Un soldat sénégalais en Casamance. © AFP

Selon un élu local, une attaque menée par le Mouvement des forces démocratiques de Casamance (MFDC), un groupe indépendantiste actif depuis une trentaine d’années, aurait fait 10 victimes en Casamance (dans le sud du Sénégal) lundi 21 novembre 2011. Une source militaire a fait état de six corps retrouvés dans une forêt située tout près de la principale ville de cette région.

Plusieurs civils ont trouvé la mort en Casamance lundi 21 novembre 2011. L’attaque armée, perpétrée  dans une forêt, près du village de Diagnon, à une trentaine de km de Ziguinchor, principale ville de la région sénégalaise, aurait été menée par des « rebelles du MFDC » (le Mouvement des forces démocratiques de Casamance, un groupe indépendantiste fondé en 1982), selon les dires d’un élu local, sous couvert d’anonymat. « Ils sont toujours là, c’est eux qui ont commis cet acte ignoble », a-t-il fustigé. « Il y a eu dix morts », a-t-il indiqué.

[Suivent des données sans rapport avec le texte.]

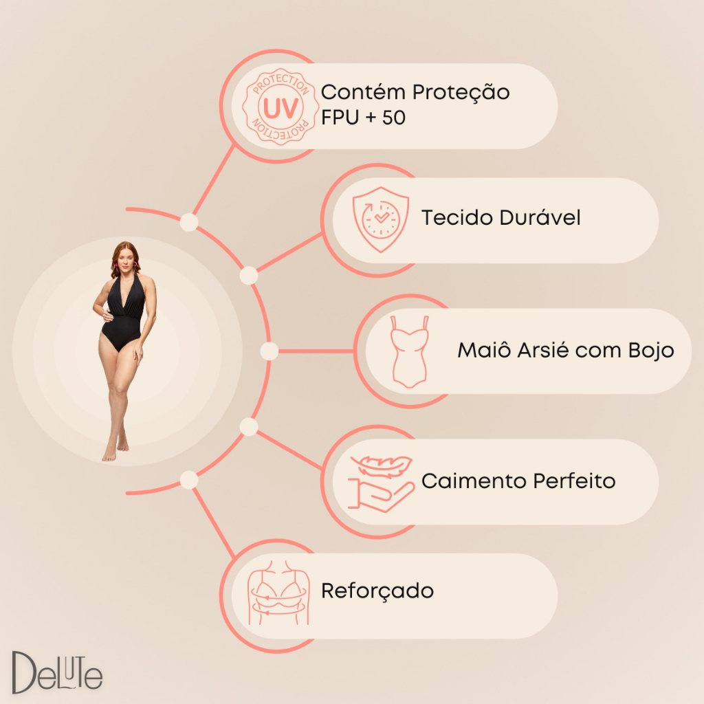 Maiô Body com Bojo Decote V Arsiè Ref: AS5134 Descubra o maiô ideal para suas aventuras na praia com o Maiô Arsiè, que une elegância e praticidade, assegurando conforto e segurança. As alças de amarrar proporcionam um encaixe perfeito, garantindo conforto e apoio. O modelo tanga valoriza as curvas do corpo com finesse, enquanto a proteção UV 50+ cuida da sua pele contra os raios solares prejudiciais, assegurando diversão ao sol com segurança. Com um ajuste impecável, foi desenhado para se moldar perfeitamente ao corpo, promovendo liberdade de movimento e conforto. Para um dia sereno na praia ou para um refrescante mergulho na piscina, o Maiô Arsiè é a escolha perfeita para quem valoriza estilo, conforto e proteção. - Proporciona um encaixe perfeito ao corpo. - Alças ajustáveis. - Com bojo. - Costas nua. Composição: Tecido: Poliéster 85% Forro: Poliéster 95%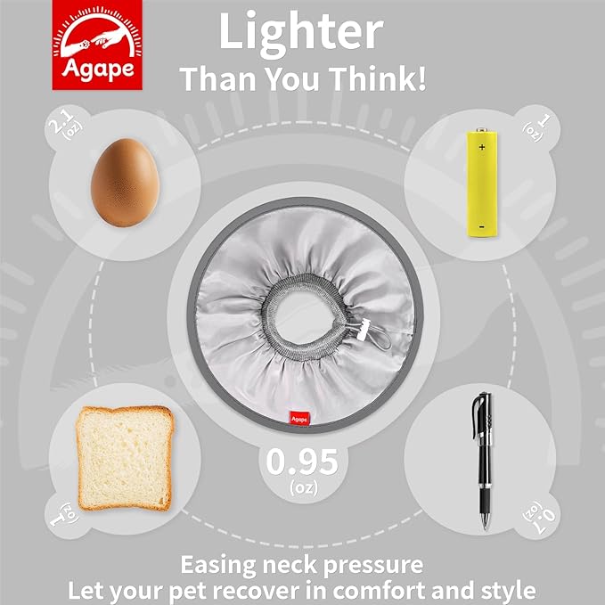 - 【Soft & Lightweight】Unlike bulky, uncomfortable cones on the market, Agape's cat cone is made with two layers of silky fabric and a ribbed knit collar, weighing just 0.9 ounces—about the same as a single AA battery. This ultra-light, breathable, and soft design ensures your cat can sleep peacefully and comfortably, without feeling any strain or restriction around their neck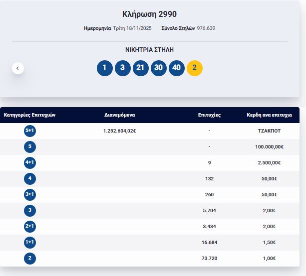 Οι τυχεροί αριθμοί είναι: 1, 3, 21, 30, 40 και ΤΖΟΚΕΡ ο αριθμός 2.

Une source militaire a indiqué pour sa part que des militaires avaient trouvé sur les lieux de l’attaque « six corps criblés de balles », précisant que d’autres civils auraient disparu. « Selon les villageois, plus de vingt personnes » sont allées travailler dans la forêt « et plusieurs manquent à l’appel », a expliqué la source militaire, qui témoigne également sous couvert d’anonymat.

Milliers de victimes

Depuis une trentaine d’année, la Casamance est le théâtre d’un conflit larvé. Fin 2010 et début 2011, un regain de violence avait provoqué la mort d’une vingtaine de militaires, selon le rapport de l’armée sénégalaise. De nombreux rebelles présumés auraient aussi été exécutés, mais aucun bilan indépendant du nombre de personnes décédées n’est disponible.

Quant aux accords de paix signés entre Dakar et le MFDC, ils n’ont jamais permis de trouver une issue à ce conflit. Le mouvement indépendantiste casamançais est aujourd’hui divisé, notamment depuis le décès en 2007 de son leader l’abbé Diamacoune Senghor, ce qui a comme conséquence de rendre plus difficiles encore les négociations.

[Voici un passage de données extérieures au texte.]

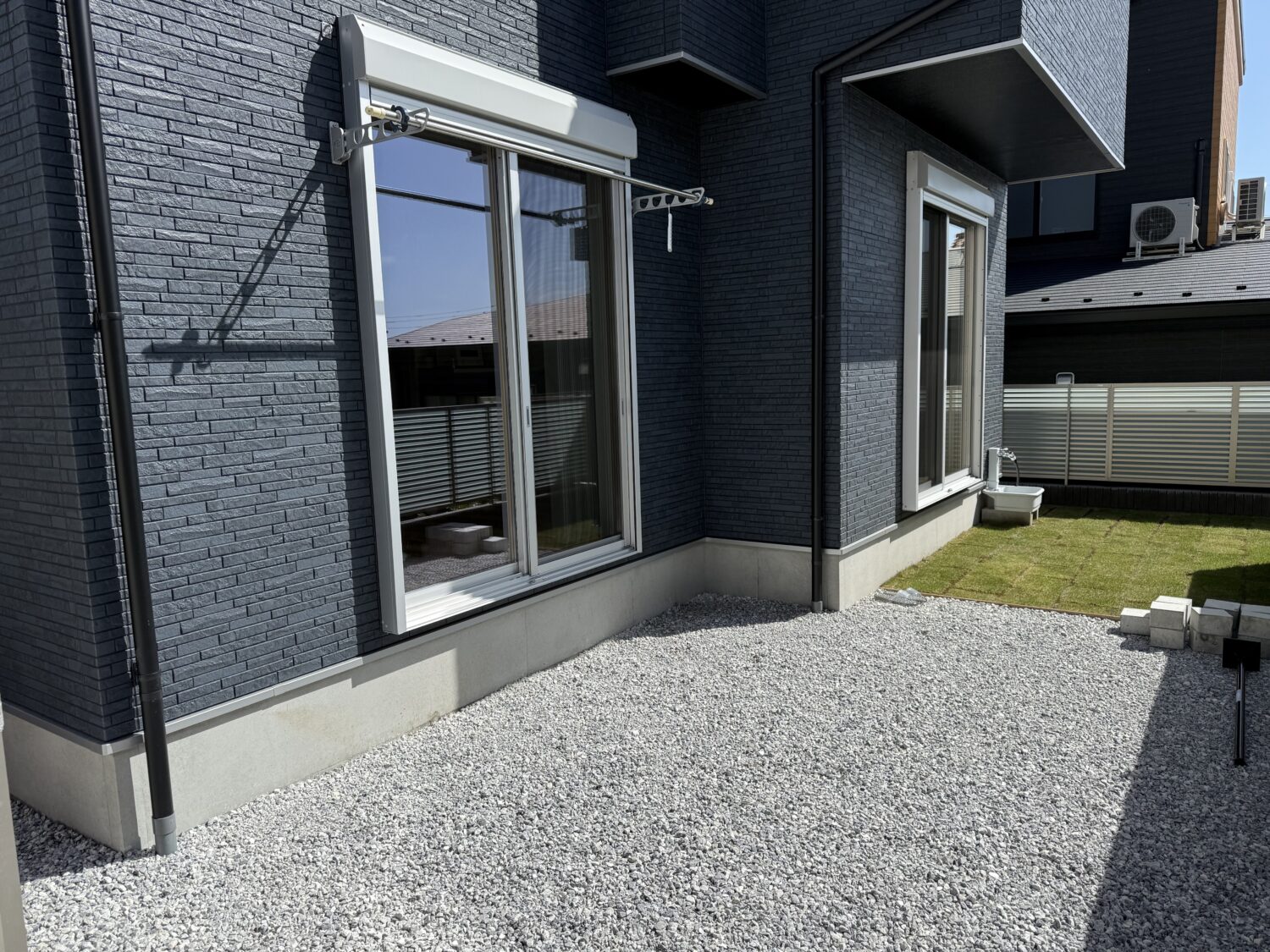 洗濯物を干す場所として、庭でBBQをする場所として、お子様の遊び場として、ご活用いただく予定です。

Depuis 1982, le nombre de victimes civiles et militaires se chiffrerait en milliers de personnes. Les mines antipersonnelles sont notamment une des causes de décès, elles auraient provoqué la mort de 776 personnes selon un bilan officiel.

Suite à la multiplication de braquages et attaques attribués au MFDC, le Sénégal et la Guinée-Bissau avaient décidé en septembre 2011 de mettre en place des patrouilles militaires conjointes le long de leur frontière commune pour renforcer la sécurité.